In 2018, he set an almost unreachable standard with 5,097 passing yards, 50 touchdowns, and a 113.8 passer rating.
In 2022, he led the league in both passing yards and touchdowns while winning the Super Bowl and earning both the regular season and Super Bowl MVP awards.
His 2025 first-half numbers slotted comfortably between those two benchmarks.
If Mahomes returns fully healthy in September 2026 — which both his medical team and the Chiefs organization expect — and the offensive system gets the refresh it needs, a season in the range of 4,500 to 5,000 passing yards, 38 to 45 touchdowns, and continued production on the ground represents a realistic ceiling.
That kind of output, combined with the Chiefs’ built-in organizational advantages, would make him the frontrunner for MVP from opening weekend.

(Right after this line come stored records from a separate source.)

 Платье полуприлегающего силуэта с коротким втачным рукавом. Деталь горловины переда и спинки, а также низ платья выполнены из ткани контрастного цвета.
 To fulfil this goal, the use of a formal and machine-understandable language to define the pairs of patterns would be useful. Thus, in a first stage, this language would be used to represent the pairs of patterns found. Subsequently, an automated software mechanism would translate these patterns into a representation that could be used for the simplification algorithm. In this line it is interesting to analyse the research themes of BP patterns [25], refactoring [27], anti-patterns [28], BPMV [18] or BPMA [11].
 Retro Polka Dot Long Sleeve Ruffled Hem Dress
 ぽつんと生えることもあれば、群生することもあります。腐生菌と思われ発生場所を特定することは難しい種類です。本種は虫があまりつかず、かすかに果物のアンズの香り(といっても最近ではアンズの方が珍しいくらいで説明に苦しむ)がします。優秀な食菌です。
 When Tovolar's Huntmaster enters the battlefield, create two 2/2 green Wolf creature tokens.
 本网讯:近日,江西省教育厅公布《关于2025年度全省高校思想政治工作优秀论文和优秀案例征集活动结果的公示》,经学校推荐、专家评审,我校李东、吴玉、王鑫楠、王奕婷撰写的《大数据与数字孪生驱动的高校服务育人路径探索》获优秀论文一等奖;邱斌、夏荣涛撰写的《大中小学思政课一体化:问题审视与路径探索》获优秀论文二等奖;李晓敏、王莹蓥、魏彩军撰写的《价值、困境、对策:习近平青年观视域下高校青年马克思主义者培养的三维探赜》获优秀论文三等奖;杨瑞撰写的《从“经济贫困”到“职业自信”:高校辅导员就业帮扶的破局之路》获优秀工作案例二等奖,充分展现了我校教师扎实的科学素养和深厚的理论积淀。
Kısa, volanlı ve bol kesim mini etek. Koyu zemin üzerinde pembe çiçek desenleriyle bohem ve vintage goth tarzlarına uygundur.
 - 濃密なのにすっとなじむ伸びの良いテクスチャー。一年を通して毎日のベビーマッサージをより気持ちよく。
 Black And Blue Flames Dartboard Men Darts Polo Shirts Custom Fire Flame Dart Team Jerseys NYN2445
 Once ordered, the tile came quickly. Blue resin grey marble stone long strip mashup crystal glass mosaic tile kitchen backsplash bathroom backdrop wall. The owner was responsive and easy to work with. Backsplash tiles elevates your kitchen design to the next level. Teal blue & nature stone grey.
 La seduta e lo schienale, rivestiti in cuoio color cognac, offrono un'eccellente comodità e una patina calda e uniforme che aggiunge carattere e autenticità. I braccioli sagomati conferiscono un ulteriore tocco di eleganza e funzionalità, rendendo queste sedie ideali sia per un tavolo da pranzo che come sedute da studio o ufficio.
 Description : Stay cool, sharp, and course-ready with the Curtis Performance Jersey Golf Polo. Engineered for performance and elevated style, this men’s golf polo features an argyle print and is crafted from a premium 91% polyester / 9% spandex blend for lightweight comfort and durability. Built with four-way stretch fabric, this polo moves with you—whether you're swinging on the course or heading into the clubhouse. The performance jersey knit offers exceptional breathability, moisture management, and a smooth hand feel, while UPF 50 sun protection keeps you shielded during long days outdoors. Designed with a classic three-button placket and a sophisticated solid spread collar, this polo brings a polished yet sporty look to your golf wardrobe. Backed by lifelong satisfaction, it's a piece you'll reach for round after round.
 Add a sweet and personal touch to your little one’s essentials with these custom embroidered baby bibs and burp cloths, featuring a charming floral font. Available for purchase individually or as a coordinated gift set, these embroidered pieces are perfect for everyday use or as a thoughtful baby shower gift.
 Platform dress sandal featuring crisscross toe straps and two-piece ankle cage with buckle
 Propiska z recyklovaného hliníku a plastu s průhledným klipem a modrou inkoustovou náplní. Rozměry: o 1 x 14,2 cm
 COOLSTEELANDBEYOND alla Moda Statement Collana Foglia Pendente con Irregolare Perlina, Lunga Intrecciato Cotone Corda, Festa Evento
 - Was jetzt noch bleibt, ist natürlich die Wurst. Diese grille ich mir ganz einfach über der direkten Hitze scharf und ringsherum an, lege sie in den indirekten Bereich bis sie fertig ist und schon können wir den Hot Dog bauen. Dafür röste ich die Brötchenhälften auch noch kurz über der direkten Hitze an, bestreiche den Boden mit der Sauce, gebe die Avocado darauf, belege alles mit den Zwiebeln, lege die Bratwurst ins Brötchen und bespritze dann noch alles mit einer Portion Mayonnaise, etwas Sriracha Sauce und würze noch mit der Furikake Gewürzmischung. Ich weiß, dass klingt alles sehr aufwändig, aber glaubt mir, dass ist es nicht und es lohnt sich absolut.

Kansas City has significant offseason work ahead of it, including navigating roughly $58 million in projected salary cap overages.
However, the Chiefs have demonstrated repeatedly that they can retool quickly.
Their 2022 offseason rebuild — which produced a Super Bowl championship — stands as proof that one productive draft and smart free agency additions can transform a roster.
Mahomes’ weapons heading into 2026 include tight end Travis Kelce, wide receivers Rashee Rice and Xavier Worthy, and additional depth options.
If the front office adds even one impact playmaker at wide receiver or running back, the offense could look dramatically different from the unit that sputtered late in 2025.
A stronger running game would also take pressure off Mahomes and reduce the wear on his surgically repaired knee as he eases back into full activity.
Only six players in NFL history — Jim Brown, Johnny Unitas, Brett Favre, Peyton Manning, Tom Brady, and Aaron Rodgers — have won three or more NFL MVP awards. Mahomes has two.
A healthy, motivated Mahomes with a refreshed supporting cast and a point to prove after his first missed postseason represents perhaps the most dangerous version of an already legendary quarterback.